The growing consumption of unhealthy food and lack of dietary awareness have led to increased health issues such as obesity, diabetes, and cardiovascular diseases. Traditional restaurant menus provide static information and do not consider individual health conditions or nutritional requirements. This paper proposes an AI-driven smart restaurant menu system that delivers personalized food recommendations based on user health profiles. The system collects user inputs such as age, weight, health conditions, and dietary goals, and processes this data using machine learning algorithms to suggest optimal food choices. It integrates a nutritional database, real-time calorie tracking, and intelligent recommendation mechanisms to provide healthier alternatives and alerts. Additionally, the system utilizes smart digital displays or QR-based interfaces for seamless user interaction.
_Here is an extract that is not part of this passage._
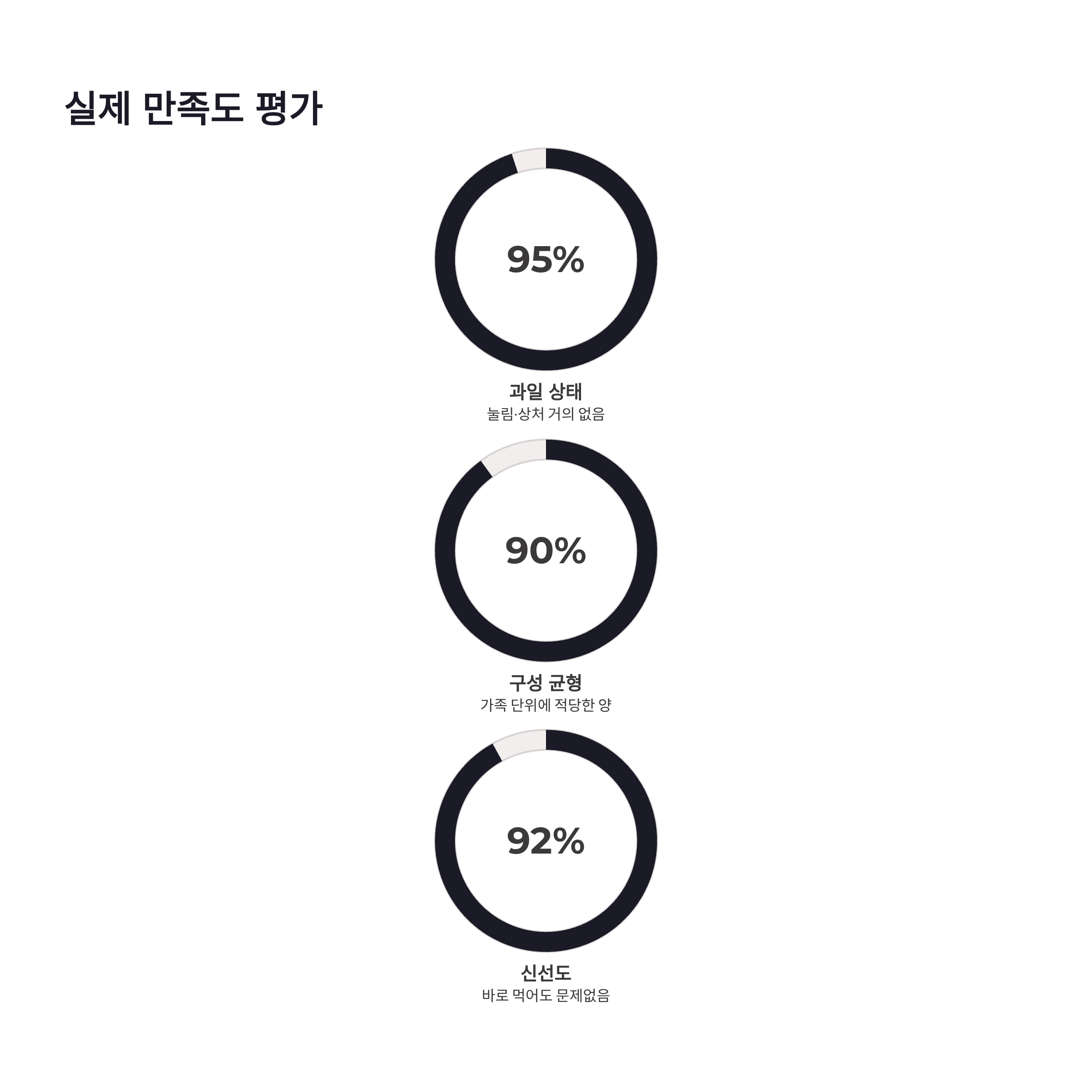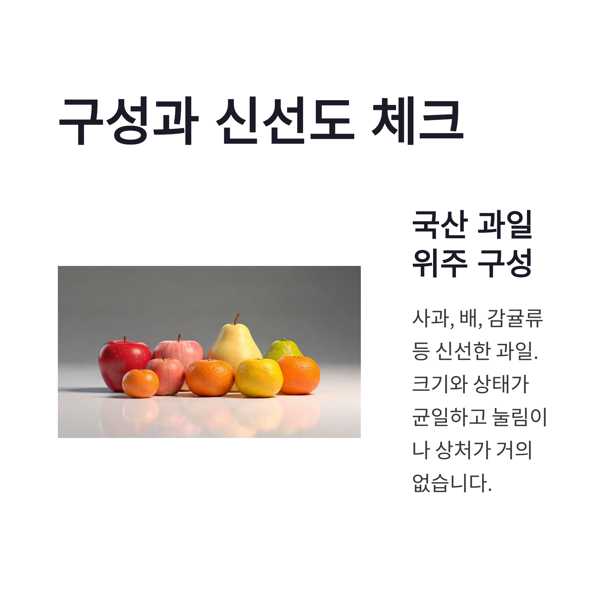 과일 선물세트에서 제일 걱정되는 건 구성과 신선도인데요, 이 부분은 직접 받아보니 체감이 좀 됐어요. 사과, 배, 감귤류 등 국산 과일 위주 구성이라 부담이 덜했고, 크기나 상태도 들쭉날쭉하지 않았습니다. 제가 느낀 기준으로 간단히 정리해보면 아래 느낌이었어요.

The proposed system aims to promote healthier eating habits, enhance user awareness, and support balanced dietary decisions in real-time restaurant environments
Introduction
This paper proposes an AI-powered smart restaurant menu system designed to improve dietary decision-making and promote healthier eating habits. It addresses the problem that modern restaurant menus are static and often lack nutritional information, which contributes to health issues like obesity, diabetes, and heart disease.
The system uses machine learning and nutritional databases to provide personalized food recommendations based on user health profiles, including age, weight, dietary goals, and medical conditions. Unlike traditional food apps, it integrates health-aware decision-making directly into the ordering process.
The architecture includes four main layers:
User interaction layer (QR codes or smart screens for input)
Processing layer (handles data flow and validation)
AI recommendation engine (generates personalized suggestions using nutritional analysis)
Data storage layer (stores food and user data in a scalable database)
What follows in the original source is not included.